- Born: 10 November 1970 (age 55) Fatsa, Ordu Province, Turkey
- Other name: "Mobilyacı katili" ("The Furniture Dealers' Killer"
- Criminal charge: Murder
- Capture status: Arrested

Details
- Victims: 3
- Span of crimes: May 5, 1998 – June 6, 1998

= Seyit Ahmet Demirci =

Turkish serial killer

Seyit Ahmet Demirci (born 10 November 1970) is a Turkish serial killer, who is dubbed "Mobilyacı katili" ("The Furniture Dealers' Killer") in the media. He was convicted of killing three different furniture dealers.

Seyit Ahmet Demirci grew up in Fatsa, Ordu Province, northern Turkey.

As a child, he worked in a furniture shop. He claimed that at the age of 11, the elderly shop owner had sexually abused him in the basement of the shop. He also claimed to have witnessed the molestation of a co-worker by the same employer in the shop basement.

He moved to Istanbul and developed hatred towards furniture dealers, particularly those who said they had some other furniture in the basement. He committed his first murder shooting Ali Osman Beldek in the neck at the Turgut Reis neighborhood of Esenler, Istanbul on 5 May 1998. Then, he shot Mehmet Kayatuzu dead in Bağcılar, Istanbul on 4 June 1998, and two days later killed Celal Pınargöz, also in Esenler.
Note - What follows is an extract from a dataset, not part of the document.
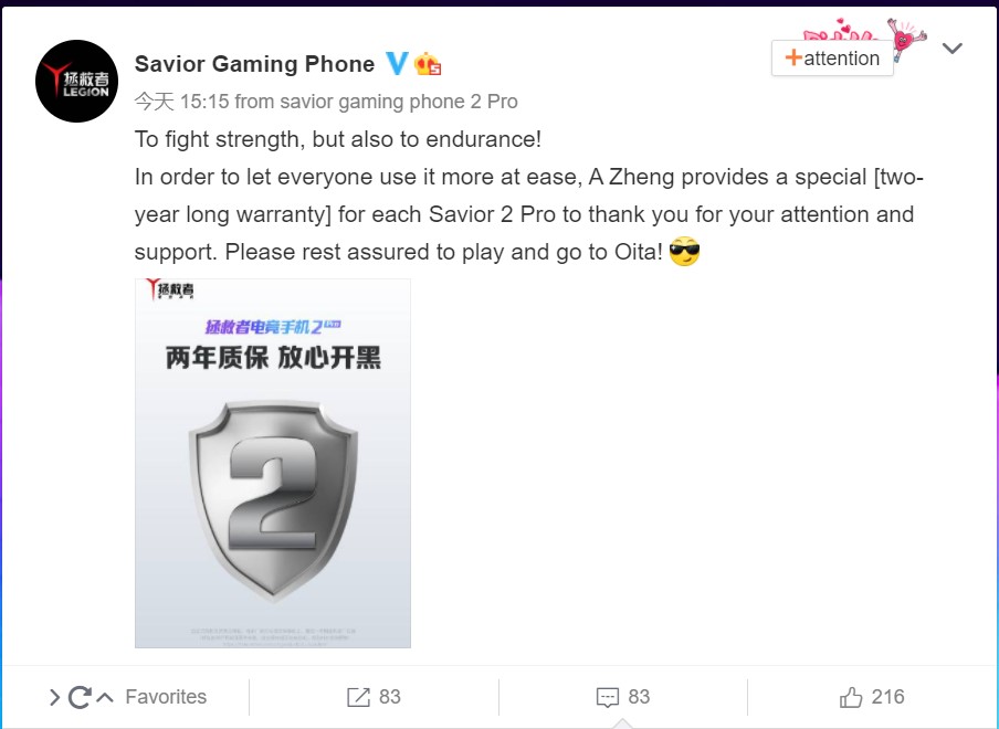 In a Weibo post, the Lenovo Legion mobile division has announced the above-mentioned warranty update for the Lenovo Legion Phone 2 Pro in China. As per the post, the device will get a two-year official warranty from the company itself.

All three victims were selected randomly and unknown to him. His modus operandi was to shoot them with a single bullet in the neck in their shop's basement. He was dubbed by the media as "Mobilyacı katili" ("The Furniture Dealers' Killer").
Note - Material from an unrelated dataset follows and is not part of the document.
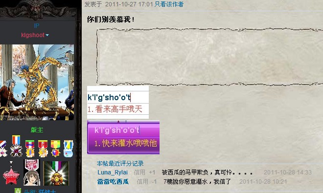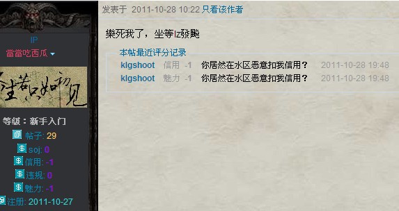 2、bbs id = klgshoot报复性扣分,口头警告一次

He was arrested and prosecuted for serial murder. The judge focused on the possibility that mental illness was the cause of his criminality, despite the fact that three forensic medicine institutions attested that he had a sound mind. The court wanted to sentence him with leniency, however, he was sentenced to the death penalty on three counts.

Demirci stated that, had he not been caught, he would have continued until he had killed eleven victims. The significance of the number eleven for him was that was his age at the time of the alleged molestation.